Description of the task: Would you transcribe the listing that follows word for word, skipping pictures?

Raw data:
"""

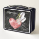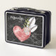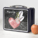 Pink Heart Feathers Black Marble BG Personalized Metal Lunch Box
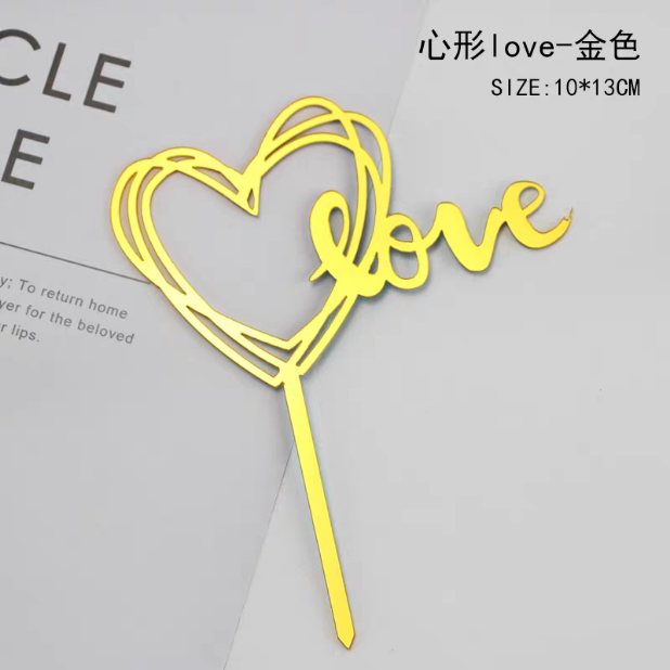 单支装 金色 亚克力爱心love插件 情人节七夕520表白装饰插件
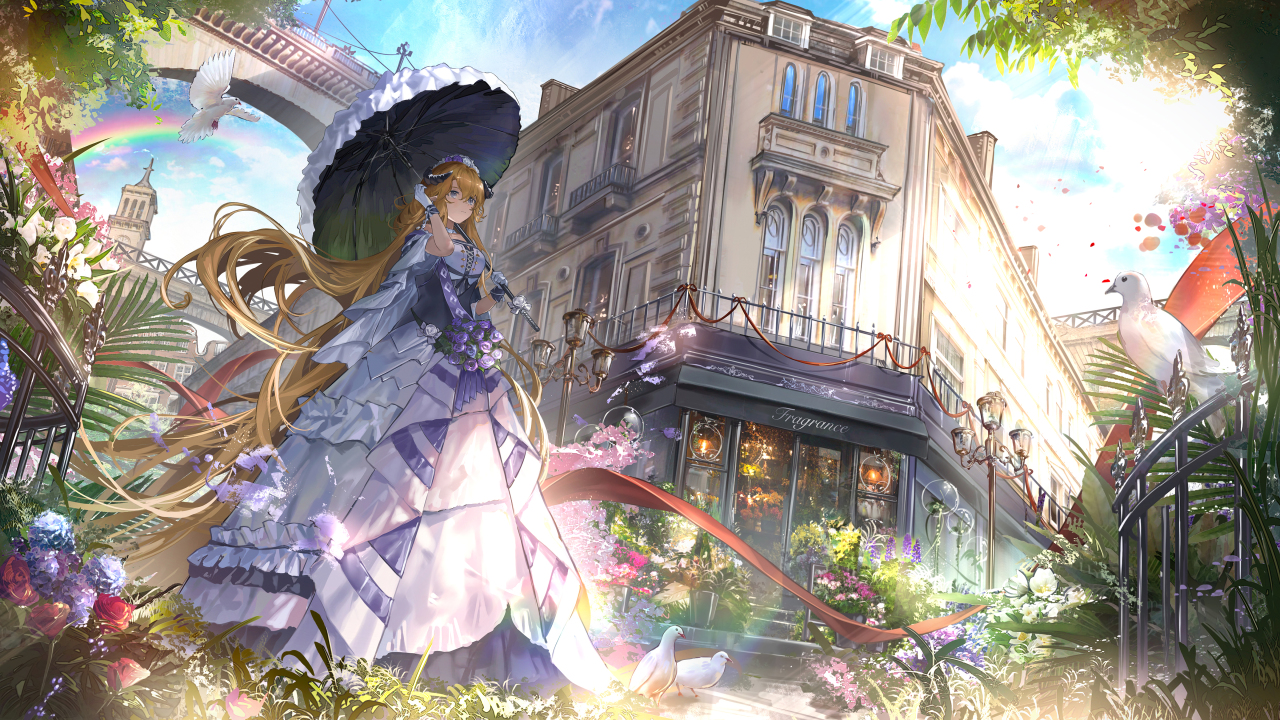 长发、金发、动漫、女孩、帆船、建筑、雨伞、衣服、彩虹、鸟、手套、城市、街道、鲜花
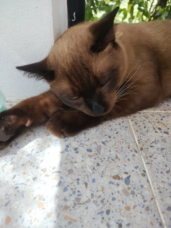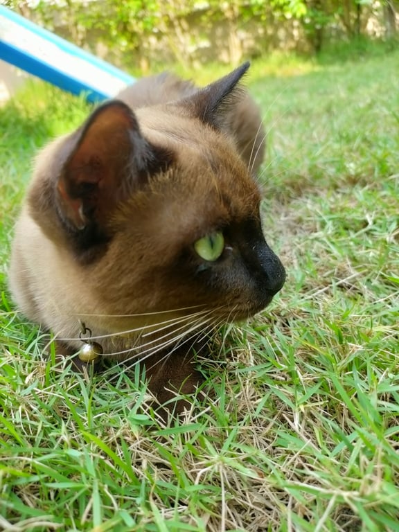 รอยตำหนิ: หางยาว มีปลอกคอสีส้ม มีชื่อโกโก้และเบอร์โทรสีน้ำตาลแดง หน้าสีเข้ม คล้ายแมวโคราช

"""

Answer below:
 Pink Heart Feathers Black Marble BG Personalized Metal Lunch Box
 单支装 金色 亚克力爱心love插件 情人节七夕520表白装饰插件
 长发、金发、动漫、女孩、帆船、建筑、雨伞、衣服、彩虹、鸟、手套、城市、街道、鲜花
 รอยตำหนิ: หางยาว มีปลอกคอสีส้ม มีชื่อโกโก้และเบอร์โทรสีน้ำตาลแดง หน้าสีเข้ม คล้ายแมวโคราช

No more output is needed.